Reading Time: 3 minutes

Want to lower risk and stay in tune with your customers?

Constant hypothesis testing is one of the best ways to do this.

As data scientists, we build algorithms with the purpose of automating tasks. We have a good idea that they’ll perform; We generally use historic data to assess performance before we send our predictive models out to the world.

But what then?

Constant Hypothesis Testing

That’s when testing must take over.

Is the current algorithm keeping customers engaged the way it’s supposed to? The way the offline test showed? The only way to understand the answers to these questions is through comparison to a baseline.

That’s where A/B testing comes in. We’ve written a lot about this topic and fast, efficient ways to run A/B tests. It’s something we take seriously, as this is generally how our work is graded. If we increase engagement (or whatever KPI we’re trying to optimize), this will only become evident through careful testing.

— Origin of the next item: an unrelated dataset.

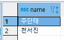 왜냐하면 AND 는 교집합 즉 name 이 주단태 이고 천서진 인 사람을 뽑았기 때문이다.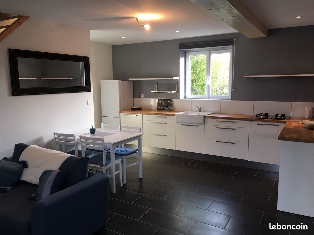 A louer meublé en duplex composé d'une cuisine ouverte, d'un espace salle/salon, dune salle de douche l'italienne, d'un Wc séparé et d'une chambre l'étage (lit double en 140 avec commode) Canapé, table de salle avec 4 chaises, cuisine équipée (four, micro-onde, plaques au gaz, frigo/congélo, cafetière ...), machine à laver, téléviseur, Wi-Fi . Parking 1 voiture et petit jardin à l'abri des regards (salon de jardin) charges comprises (eau, électricité, Wi-Fi) Nota : ce bien Ne Peut Pas être loué en tant que résidence principale. Il convient pour des personnes en déplacement ou formation professionnelle.

This week, I’ll keep it short and sweet by recommending two articles that explain how to run efficient tests and grow your bottom line:

  1. The first article, Better Testing Equals More Revenue, offers straightforward examples to explain the importance of good A/B testing and the implications of getting it right.
  2. The second article, Know Your Options When It Comes To A/B Testing, digs into various A/B testing options and is substantially more advanced.

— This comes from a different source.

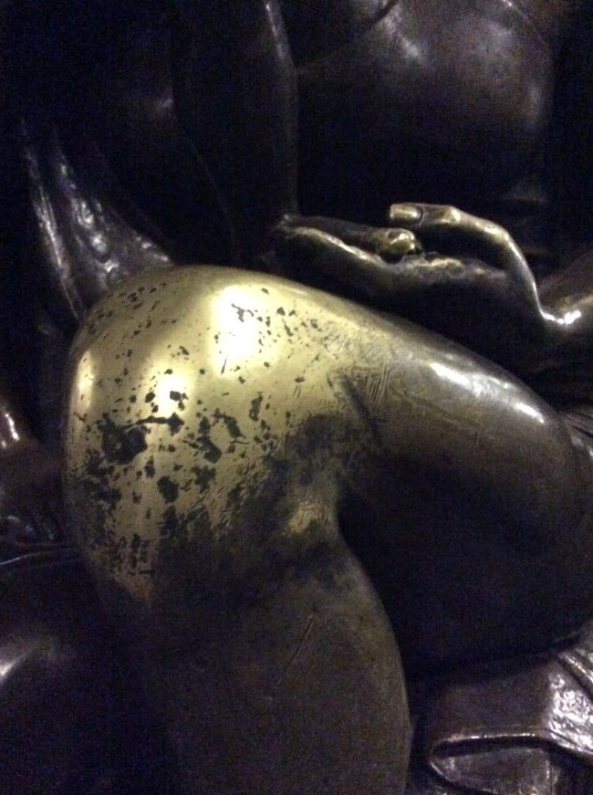 До остальных фигур тоже дотрагиваются, но не так часто. Видимо, доверие вызывает больше всего пограничный пес. Поэтому бронзовый слой его морды сильно истончился, и фигура может оказаться под угрозой «исчезновения» (не сотрется совсем, конечно, но могут убрать или огородить).Почему все любят именно собаку? Есть много версий, но ни одна не подтверждена.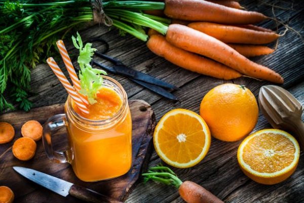 Nếu như cam là nguồn cung cấp chất chống oxy hóa và vitamin C thì cà rốt chứa nhiều beta-carotene và chất xơ giúp giảm cân cũng như tốt cho hệ tiêu hóa. Trong khi đó, gừng là một phương thuốc lâu đời có lợi cho chứng đầy hơi, co thắt dạ dày và chứa nhiều đặc tính chống viêm.

I hope this is helpful content to you!

Have a wonderful week,


Of Interest

Kate Crawford: ‘A.I. is Neither Artificial nor Intelligent’
Kate Crawford is a research professor of communication and science and technology studies at the University of Southern California and a senior principal researcher at Microsoft Research. In this article, she comments on how natural resources and human labour drive machine learning and the regressive stereotypes that are baked into its algorithms. What’s at stake as A.I. reshapes our world?

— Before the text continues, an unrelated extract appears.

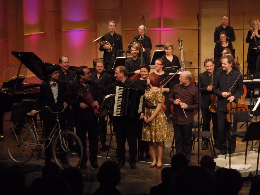 | Komponist, solist, dirigent, skuespillere og orkestermedlemmer - alle godt fornøyde :-) |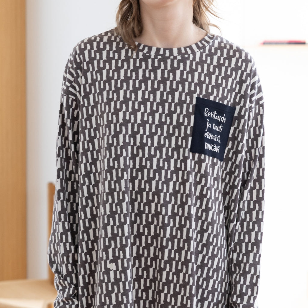 【mucava】キシリトール長袖Tワンピース(総柄・ブラック)

Google Hopes A.I. can Turn Search Into a Conversation
With the evolution of search, Google wants its core product to infer meaning from human language, answer multipart questions, and look more like Google Assistant sounds. Last month, CEO Sundar Pichai introduced LaMDA, A.I. designed to have a conversation on any topic. “We believe LaMDA’s natural conversation capabilities have the potential to make information and computing radically more accessible and easier to use,” Pichai shares. Read more here.

When A.I. Becomes Child’s Play
Despite their popularity with kids, tablets and other connected devices are built on top of systems that weren’t designed for them to easily understand or navigate. But adapting algorithms to interact with a child isn’t without its complications—as no one child is exactly like another. Most recognition algorithms look for patterns and consistency to successfully identify objects. But kids are notoriously inconsistent. In this podcast episode, MIT Technology Review examines the relationship A.I. has with kids.